Lessons from Our Feet
Tan Hwee-Meng

The ability to walk is one of the most precious gifts we have.  Until we learned how to walk, we are completely attached to our caregiver.  As helpless babies, we are totally dependent on her to give us what we want.  The moment we mastered crawling, standing and walking, we take our earliest steps toward freedom and independence. 

We start moving away from our caregivers and exploring the big world around us.  Our feet can carry us wherever we choose to go.  We can move away from situations we dislike.  We can stand on our own two feet.  Our feet are truly symbols of our autonomy.  

Lesson One:  Own your life.

Our feet connect us to this ground called life.  We carve out our path, one step at a time.  Notice the footprints you are making. 

  • Are your steps filled with purpose and joy?  Or do you drag your heavy feet throughout the day?    
  • Are your feet dancing toward the beat of your heart?  Or does fear direct your movement through life? 
  • Do your feet rush so fast through life that you can hardly breathe?  Or do your feet meander this way and that way, smelling the roses along the journey?  

Look down at your feet.  They belong to you and nobody else.  They are yours to command.   Take charge and walk down the road of life you really want. 

Lesson Two:  Be bold.

Observe toddlers learning to walk.  Not afraid of failure, they are master adventurers of life.  Always falling, they persistently get back up again and again.      How did we become so frightened of trying? 

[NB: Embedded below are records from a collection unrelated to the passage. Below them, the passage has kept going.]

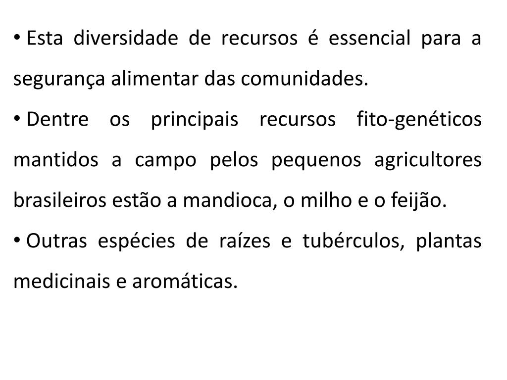 Esta diversidade de recursos é essencial para a segurança alimentar das comunidades. • Dentre os principais recursos fito-genéticos mantidos a campo pelos pequenos agricultores brasileiros estão a mandioca, o milho e o feijão. • Outras espécies de raízes e tubérculos, plantas medicinais e aromáticas.
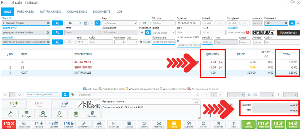 GEM-CAR will immediately duplicate the original sale, but with negative quantities.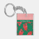 En Nyckelring på roligten Square som du kan anpassa, med land-stil, blanda mönster av söta röda drakar på gröntens bakgrund och röd och vit check gingham.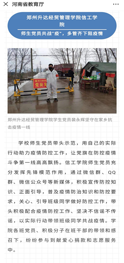 河南省教育厅报道公司裴永辉投身新冠肺炎防控工作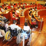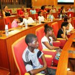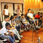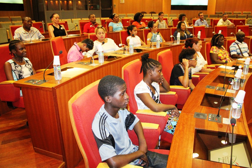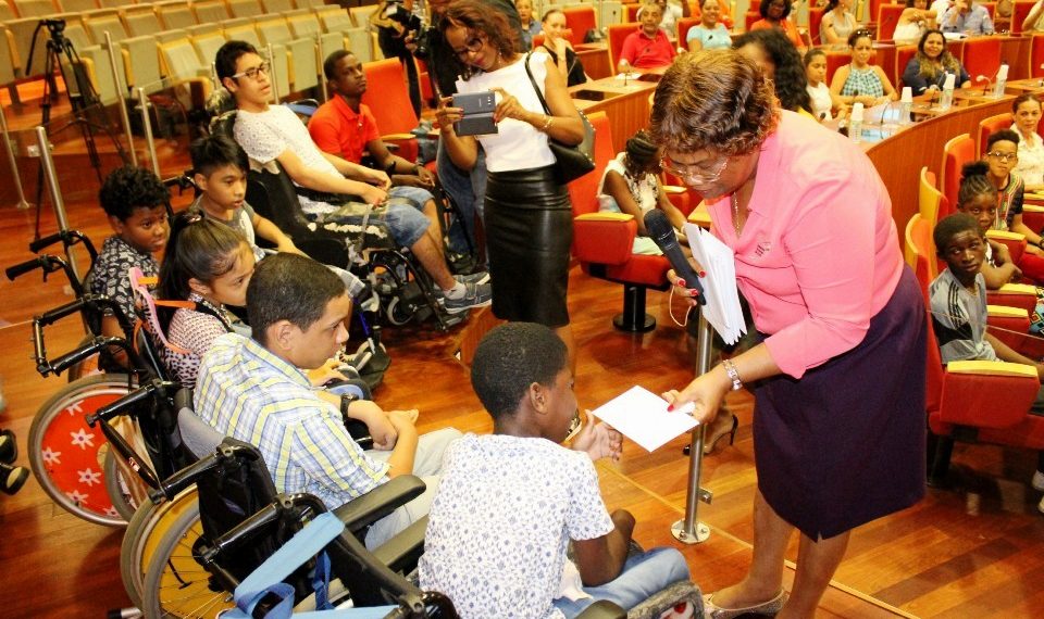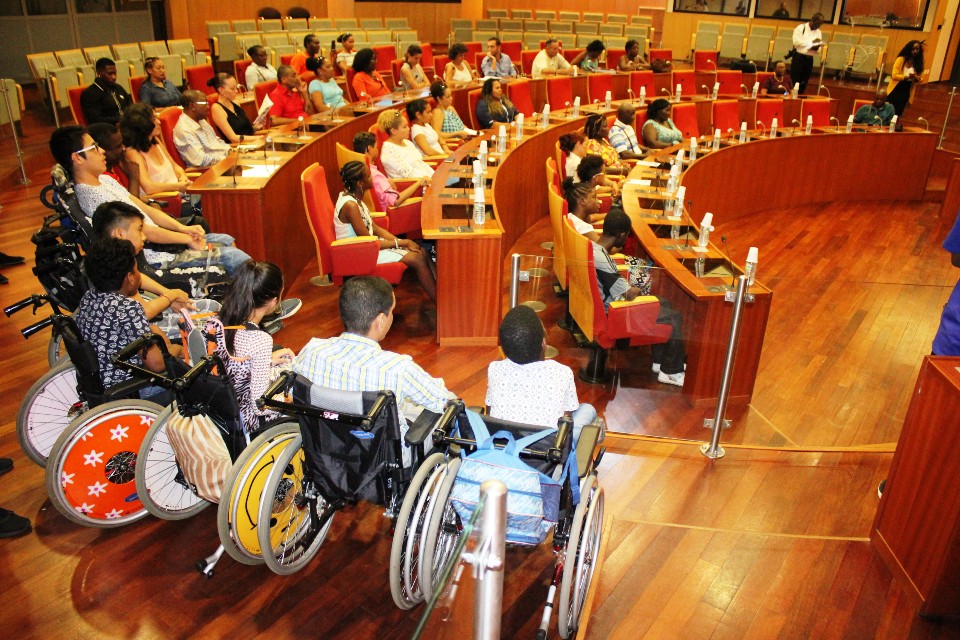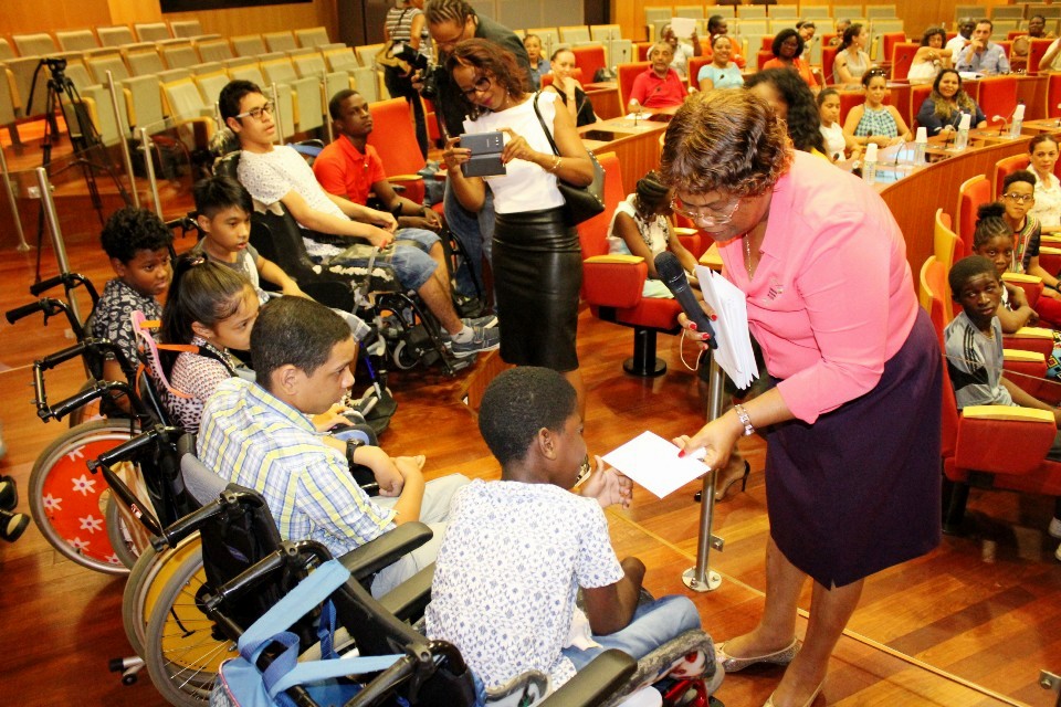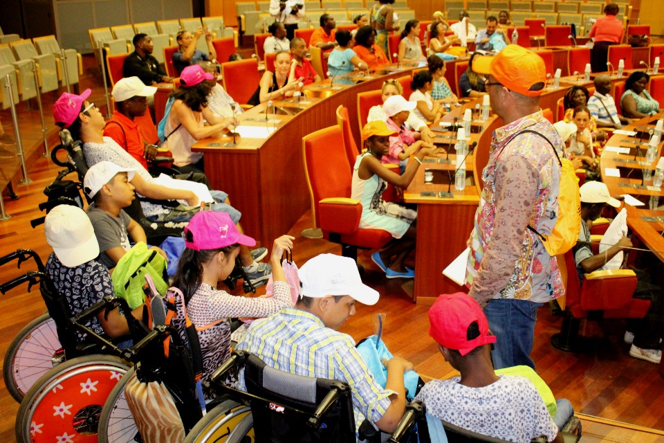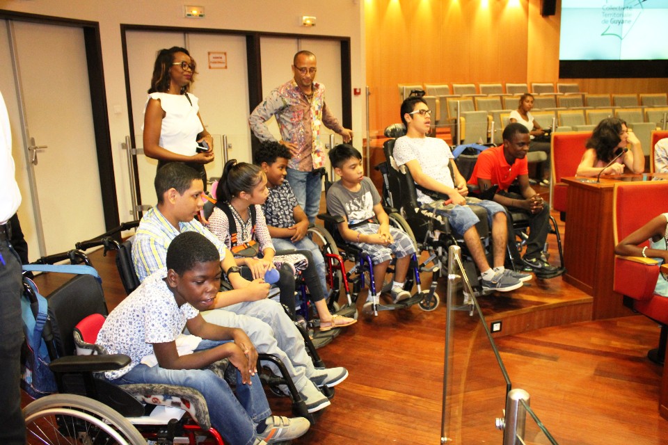 Dans le cadre d’un projet de voyage en Guadeloupe, une délégation de 14 jeunes en situation de handicap moteur encadrée par une équipe pluridisciplinaire de l’Association départementale Les pupilles de l’enseignement public de Guyane (ADPEP), notamment ceux de l’IEM (Institut d’Education Motrice), a été reçue ce mercredi 14 juin 2017 par le président de la Collectivité Territoriale de Guyane, Rodolphe Alexandre. Cette rencontre organisée dans la salle des délibérations de l’hôtel territorial a eu pour objectif d’encourager les équipes encadrant ces jeunes en situation de handicap et de leur permettre de concrétiser ce projet de voyage.

Remember what it feels to be three again, fearlessly exploring the world, without worrying about the outcome. 

  • What action would you take if you were not afraid of failure? 

Take that risk.   DO IT NOW.

Lesson Three:  Walk Away.

Lay out all your shoes on the floor in front of you.  Wear each pair and ask the following questions:

  • Do my feet hurt?
  • Are the shoes too tight?
  • Do I feel imbalance wearing them?
  • Am I uncomfortable in them? 
  • Do I hate them? 

If you answer yes to any of these questions, it is time to give these shoes away.  You may be thinking, “What a waste of money!  I spent a fortune on those shoes.”   Yes, you may be wasting money but imagine walking through life in pain and misery.    

Just like hanging on to shoes that hurt us, many of us are so used to enduring pain and suffering silently.   We forget we have 2 feet.  We forget we can say no.  We forget that we can walk away.

Lesson Four:  Just start.

You may wish to create an evening of deep conversation and share this activity with some friends. 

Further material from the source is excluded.